Re: Discarding DISCARD ALL

From
James Coleman
Date:
I hope to do further review of the patch later this week, but I wanted
to at least comment on this piece:

On Wed, Jan 20, 2021 at 2:48 AM Peter Eisentraut
<peter.eisentraut@enterprisedb.com> wrote:
>
> On 2020-12-23 15:33, Simon Riggs wrote:
> > Poolers such as pgbouncer would then be able to connect transaction
> > mode pools by setting transaction_cleanup=on at time of connection,
> > avoiding any need to issue a server_reset_query, removing the DISCARD
> > ALL command from the normal execution path, while still achieving the
> > same thing.
>
> PgBouncer does not send DISCARD ALL in transaction mode.  There is a
> separate setting to do that, but it's not the default, and it's more of
> a workaround for bad client code.  So I don't know if this feature would
> be of much use for PgBouncer.  Other connection poolers might have other
> opinions.

Yes, to have server_reset_query apply in transaction pooling mode you
have to additionally configure pgbouncer with
server_reset_query_always enabled.

I'd mildly take issue with "a workaround for bad client code". Yes,
clients in transaction pooling mode shouldn't issue (for example) `SET
...`, but there's no way I'm aware of in Postgres to prevent
session-specific items like those GUCs from being set by a given user,
so I view it more like a safeguard than a workaround.

In our setup we have server_reset_query_always=1 as such a safeguard,
because it's too easy for application code to update, for example,
statement_timeout to disastrous results. But we also work to make sure
those don't happen (or get cleaned up if they happen to slip in).

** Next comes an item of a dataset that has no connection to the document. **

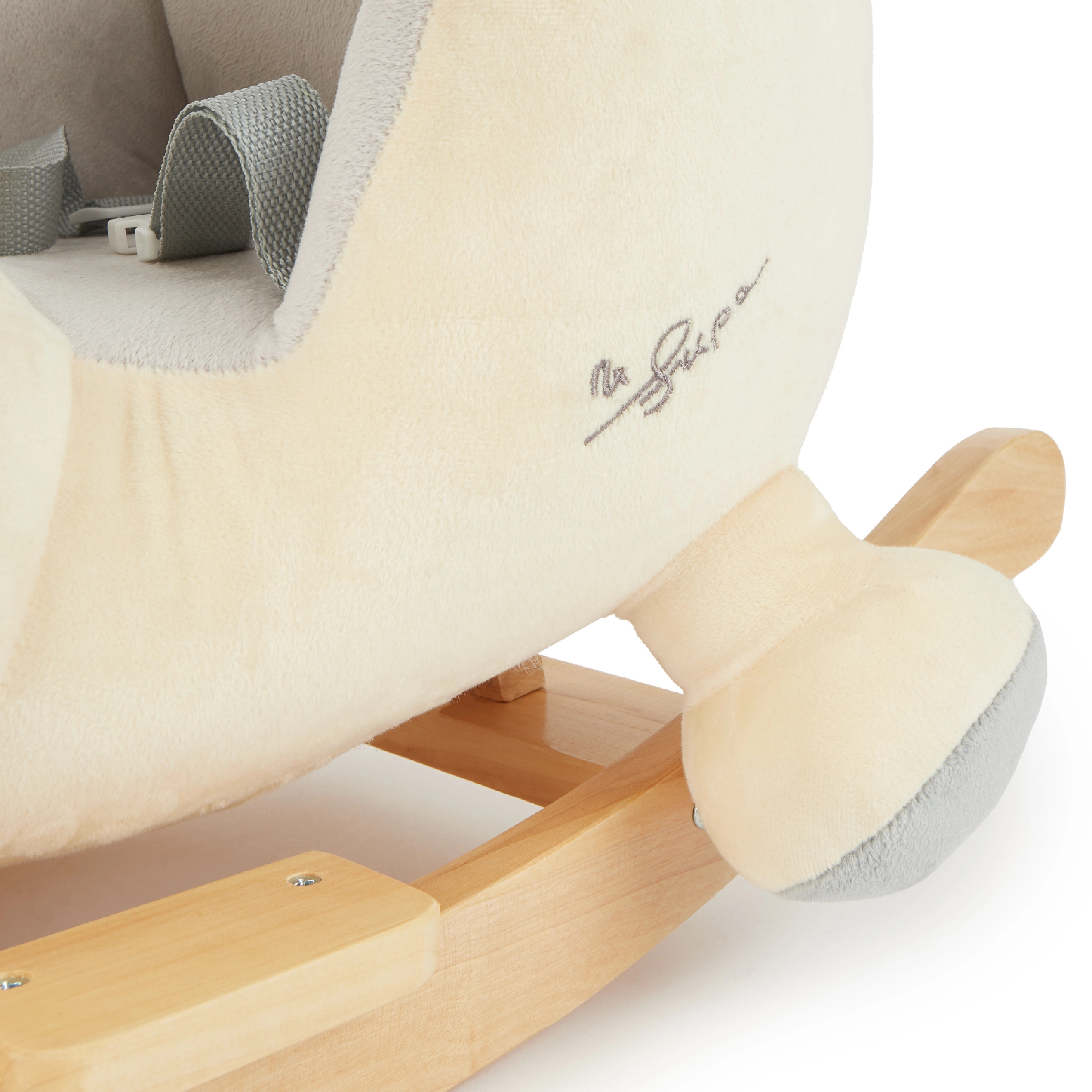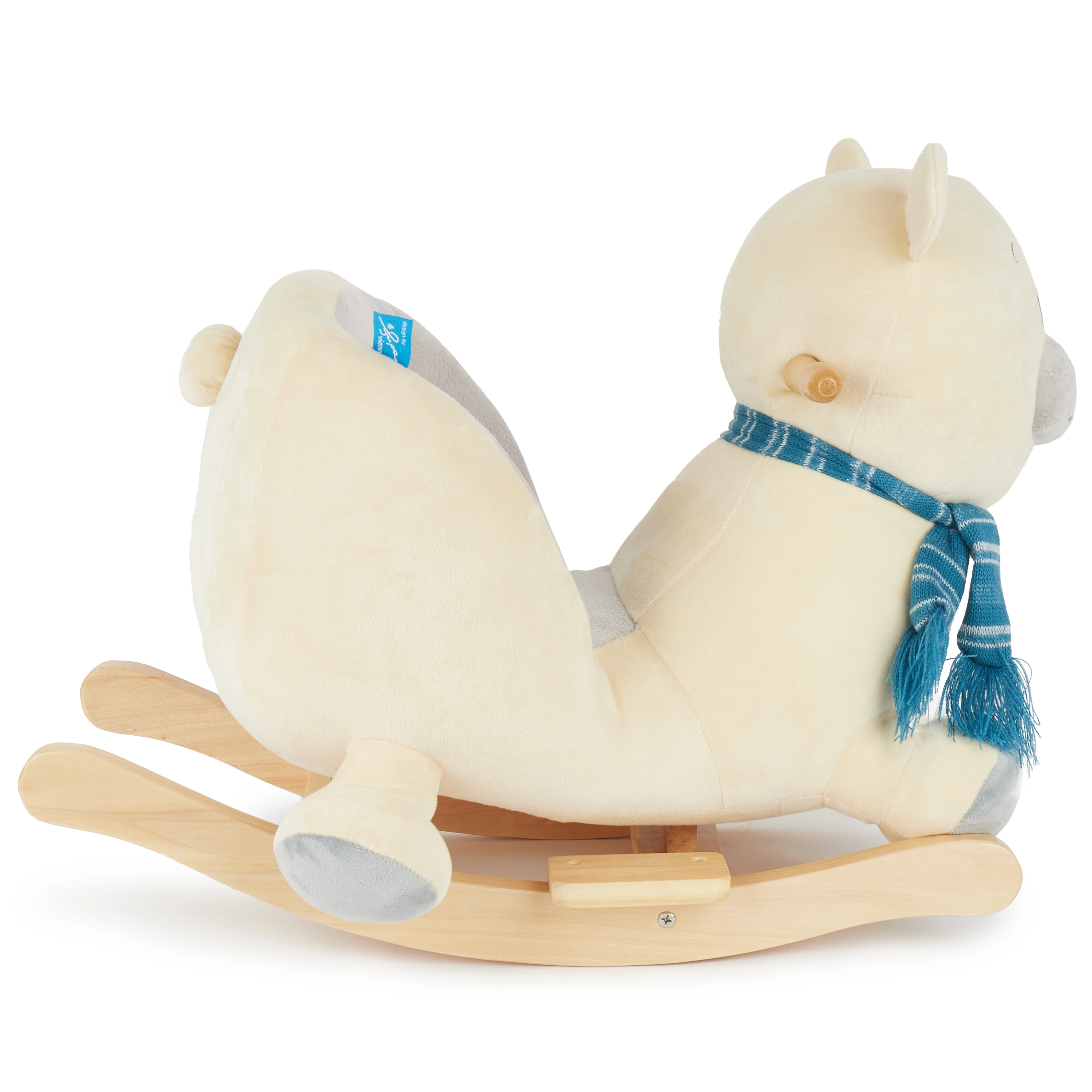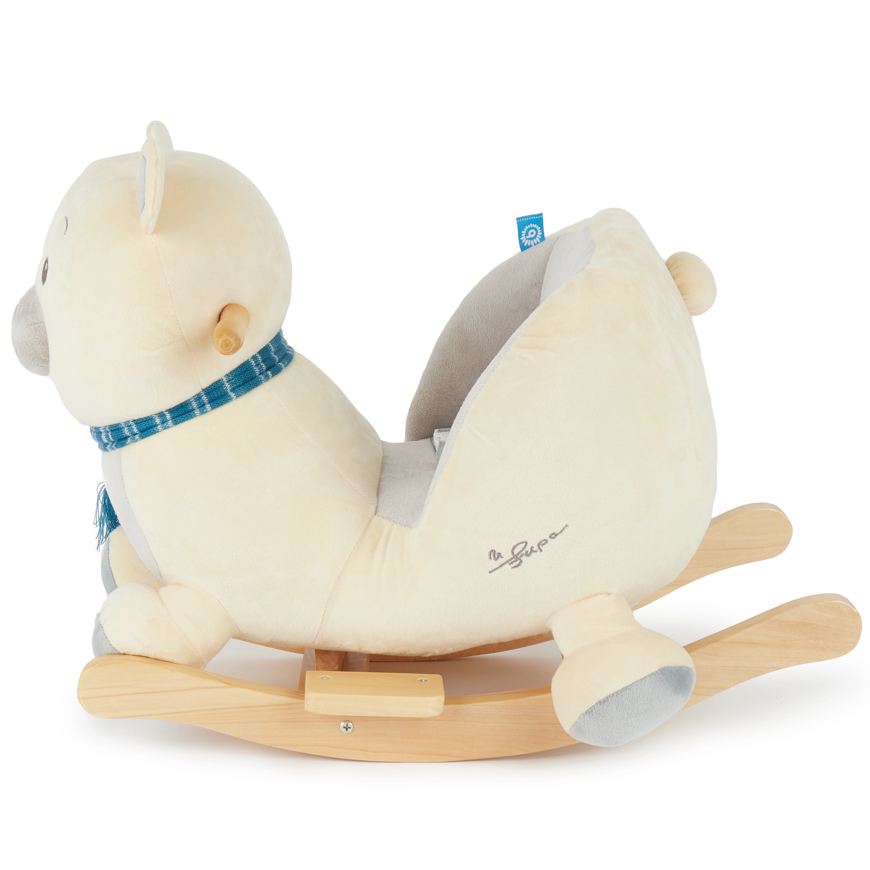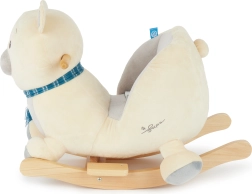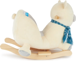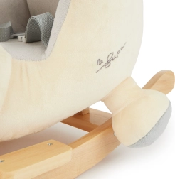 Baza solidă din lemn, cu protecție împotriva răsturnării, și scaunul moale, confortabil capitonat, cu centură de siguranță oferă siguranță maximă chiar și pentru cei mai mici. Suprafața catifelată din pluș va face ca cei mici să-și îndrăgească rapid noul prieten.

An alternative approach that occurred to me while typing this reply: a
setting in Postgres that would disallow setting session level GUCs
(i.e., enforce `SET LOCAL` transaction level usage instead) would
remove a large chunk of our need to set server_reset_query_always=1
(and more interestingly it'd highlight when broken code gets pushed).
But even with that, I see some value in the proposed setting since
there is additional session state beyond GUCs.

James



Re: Discarding DISCARD ALL

From
Simon Riggs
Date:
On Wed, 20 Jan 2021 at 14:21, James Coleman <jtc331@gmail.com> wrote:

> An alternative approach that occurred to me while typing this reply: a
> setting in Postgres that would disallow setting session level GUCs
> (i.e., enforce `SET LOCAL` transaction level usage instead) would
> remove a large chunk of our need to set server_reset_query_always=1
> (and more interestingly it'd highlight when broken code gets pushed).
> But even with that, I see some value in the proposed setting since
> there is additional session state beyond GUCs.

With transaction_cleanup=on we could force all SETs to be SET LOCAL.

The point is that if we declare ahead of time that the transaction
will be reset then we can act differently and more easily for various
circumstances, for SETs, for Temp tables and others.

-- 
Simon Riggs                http://www.EnterpriseDB.com/



Re: Discarding DISCARD ALL

From
James Coleman
Date:
On Wed, Jan 20, 2021 at 9:58 AM Simon Riggs <simon@2ndquadrant.com> wrote:
>
> On Wed, 20 Jan 2021 at 14:21, James Coleman <jtc331@gmail.com> wrote:
>
> > An alternative approach that occurred to me while typing this reply: a
> > setting in Postgres that would disallow setting session level GUCs
> > (i.e., enforce `SET LOCAL` transaction level usage instead) would
> > remove a large chunk of our need to set server_reset_query_always=1
> > (and more interestingly it'd highlight when broken code gets pushed).
> > But even with that, I see some value in the proposed setting since
> > there is additional session state beyond GUCs.
>
> With transaction_cleanup=on we could force all SETs to be SET LOCAL.
>
> The point is that if we declare ahead of time that the transaction
> will be reset then we can act differently and more easily for various
> circumstances, for SETs, for Temp tables and others.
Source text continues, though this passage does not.